A long time ago he was a man with no meaning. He thrived and survived to dodge the pain that he world had inflicted on him. A father who beat him. A brother who abandoned him. And there was nothing, no motivation behind any of it. Before he had rolled up to that damn farm, and he had met her. He thought nothing of it- inexplicably ending up sat with her in the now empty barn staring at where her mama had been and the girl he lost had been too. They didn't speak, not for the first few days, and then a week later he was the first person she spoke to. He tried not to stare at her bandaged wrists, wishing he was brave enough to have taken that initiative years ago. There was no point now, he had suffered long enough for it to be normal.
They taught each other to smile again, and she even clumsily taught him to dance. The farm fell to flames and death. And when they ran he ended up unknowingly keeping an eye on her, fighting the disapproving gaze of her father. But she didn't care. And so how could he possibly?
An unexpected herd wiped most of them out, killed Lori and Herschel some others too. Barely any of them survived, but she had- and for some reason that's the only someone he wanted to survive. She became his reason and his life. His introspective world had been breached, he knew it then. And he knew it at her first kiss. The first time they made love, and every time after. When they found the sanctuary of the village walls they thought they found everything.
And she was beautiful, small frame and that doe-eyed face. She was an angel amongst the death, part of everything yet somehow apart from it all. Her upbringing had sheltered her from men like him, rough and unlovable. But she had found a way, upheld her virtue so he couldn't see it for less value than what it was, what a value she was.
And he had been so fucking naïve to think that he could have her. To have them.
Sometimes his mind couldn't help but go back to those years, the early ones before the tensions began, before it all fell out of place. And he was happy, happy with her. He'd hold her swollen belly and leave small kisses on her neck, before he went hunting. And when he came back she'd be in their kitchen, wearing the gentle powder blue sweater she loved so much and nursing a small mug of tea. If only he had known someone else was watching.
He never saw the man as a threat. Would never have thought that the hospitality shown was going to backfire so completely in his face, but it did. The governor. He was a man with two faces, one for public viewing and the darker real man underneath. He was another man who saw her for what she was, how beautiful she was both inside and out. How could he not, it radiated from her. It didn't take anything for him to make the orders, denounce him in the street as a murderer and have him beaten. Through closing eyes he saw her tearful face, hands clasped round their baby girl as he was dragged out.

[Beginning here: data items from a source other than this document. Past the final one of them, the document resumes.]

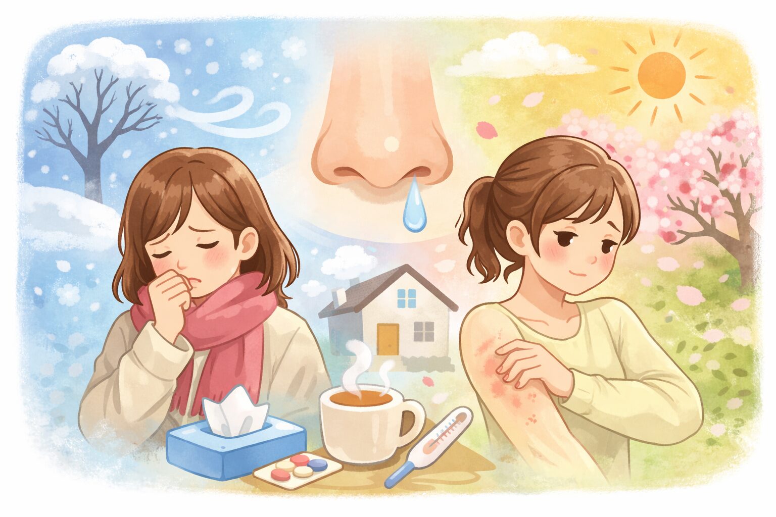 春先になると、「風邪ではなさそうなのに咳が出る」「鼻水がずっと透明のまま」「寒い日に肌がむずむずして赤くなる」――そんな不調に戸惑う方は少なくありません。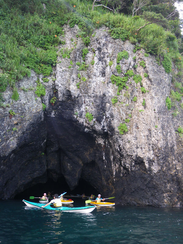 - 海洋グラブでは、松崎海岸から萩谷崎までの海洋ツーリングを行いました。 途中、洞窟めぐりなど楽しみながら進み、萩谷に着くと、元気な子供たちはひと泳ぎ。 帰りはちょっとお疲れモードでしたが、全員無事に帰港しました。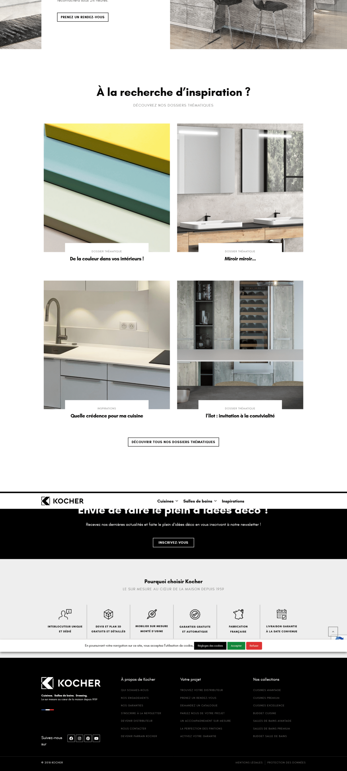 The inspirations section functions as a content hub with thematic guides, decorating tips, project showcases, and trend reports. Technical implementation includes Facebook Pixel for marketing tracking, Google Analytics for user behavior analysis, GDPR-compliant cookie consent management, social media integration (Facebook, Instagram, Pinterest, YouTube), mobile-responsive design optimized for visual storytelling, and SEO optimization for French market keywords. The site successfully positions Kocher as a premium custom furniture manufacturer offering personalized service, free 3D plans, factory-assembled custom furniture, automatic guarantees, and guaranteed delivery dates.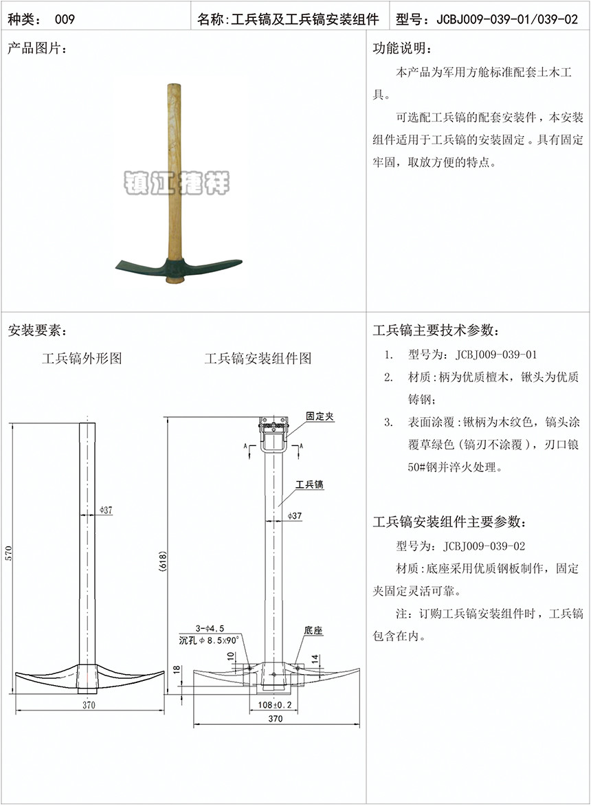 工兵镐及工兵镐安装组件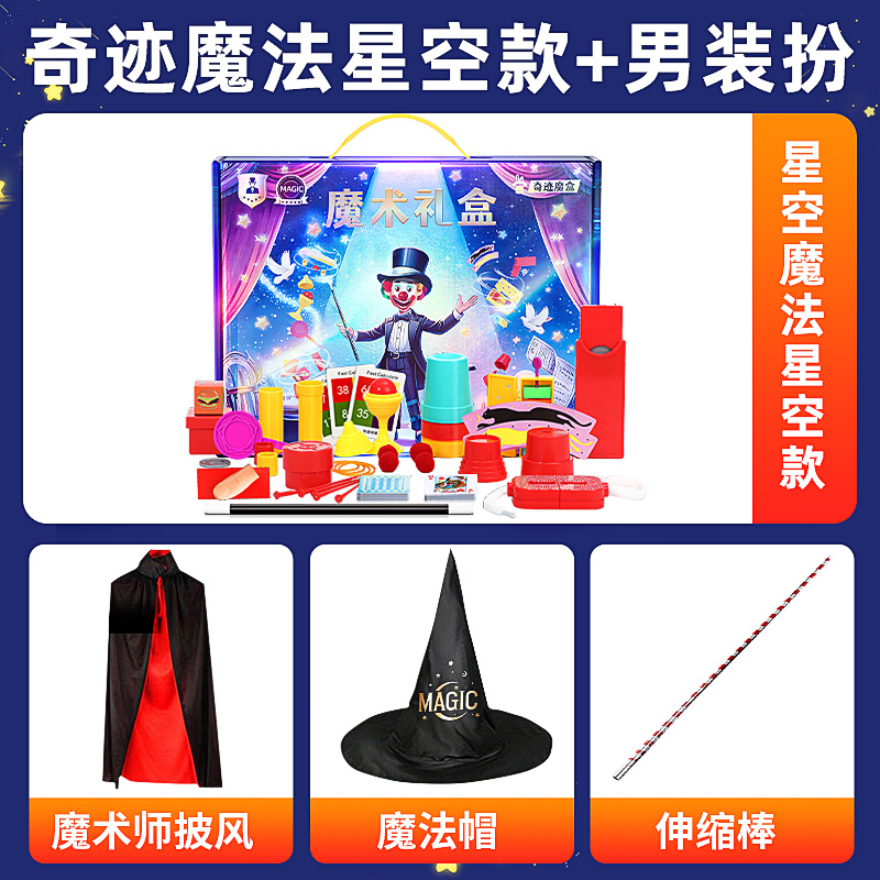 [miracle magic starry sky + boys style stars get wizard hat + cloak + telescopic stick]]

They left him west of Arizona. Left for dead. And he didn't care if he died. But the jealousy of living whilst knowing she was too susceptible to him. Would Beth know he hadn't murdered that man? She may doubt it, but what was that- her heart was too good to suspect he had been set up. He'd swoop it, and she'd fall.
Beth Greene was so soft, so young, so lost and oh, so beautiful.
But he'd come back, hadn't stop fighting all these years to battle off his own depression and find safe enough means to travel. Perhaps the isolation he imposed made him mad, or perhaps the smile the man had given him as he was dragged off for dead finally did him in. either way he was here, and he would have revenge.
His eyes opened to the soft morning light under a faded canopy, he rolled over grabbed his hunting knife and woke the boy. It was time to go, it was time to meet Woodberry.